> [REQUIRED ACTION]
Every line below needs to be transcribed without alteration, and no image may be carried over.

> [SOURCE DATA]
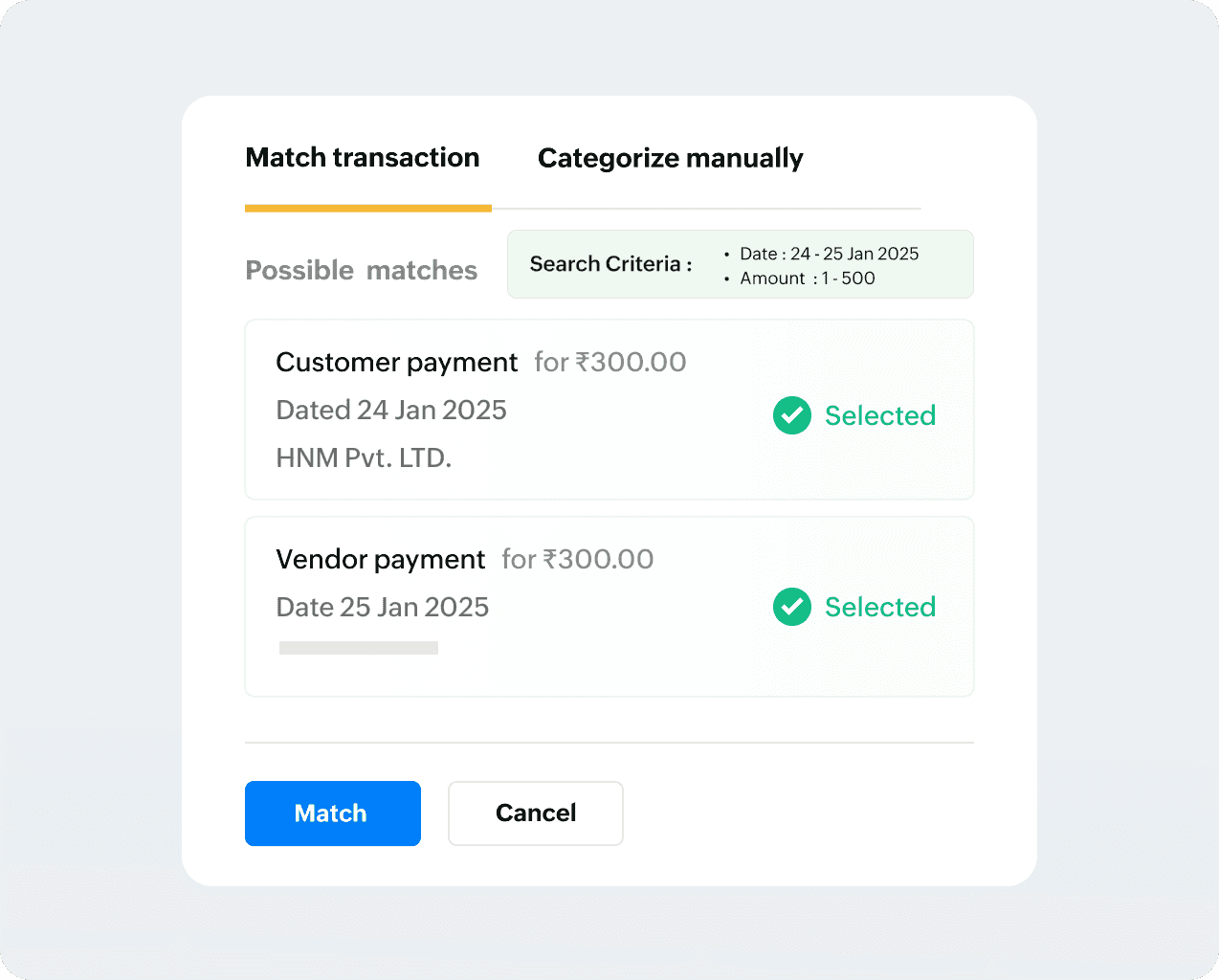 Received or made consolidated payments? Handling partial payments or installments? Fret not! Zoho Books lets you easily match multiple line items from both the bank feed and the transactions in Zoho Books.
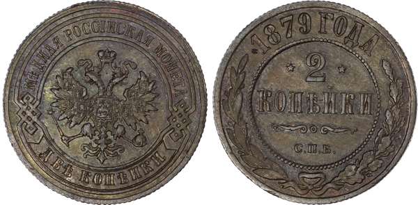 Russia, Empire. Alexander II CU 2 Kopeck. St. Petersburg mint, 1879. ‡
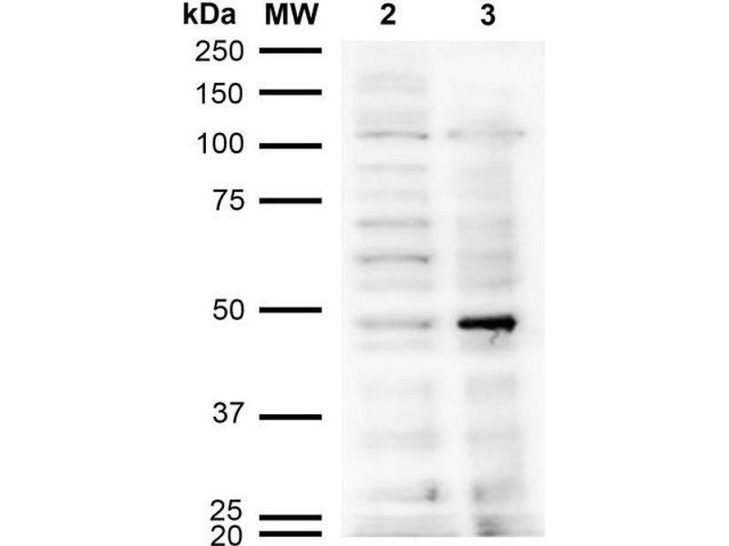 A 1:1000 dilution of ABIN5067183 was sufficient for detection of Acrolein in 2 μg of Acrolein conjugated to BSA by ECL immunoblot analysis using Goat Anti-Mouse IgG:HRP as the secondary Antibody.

> [RESPONSE TO THIS TASK]
 Received or made consolidated payments? Handling partial payments or installments? Fret not! Zoho Books lets you easily match multiple line items from both the bank feed and the transactions in Zoho Books.
 Russia, Empire. Alexander II CU 2 Kopeck. St. Petersburg mint, 1879. ‡
 A 1:1000 dilution of ABIN5067183 was sufficient for detection of Acrolein in 2 μg of Acrolein conjugated to BSA by ECL immunoblot analysis using Goat Anti-Mouse IgG:HRP as the secondary Antibody.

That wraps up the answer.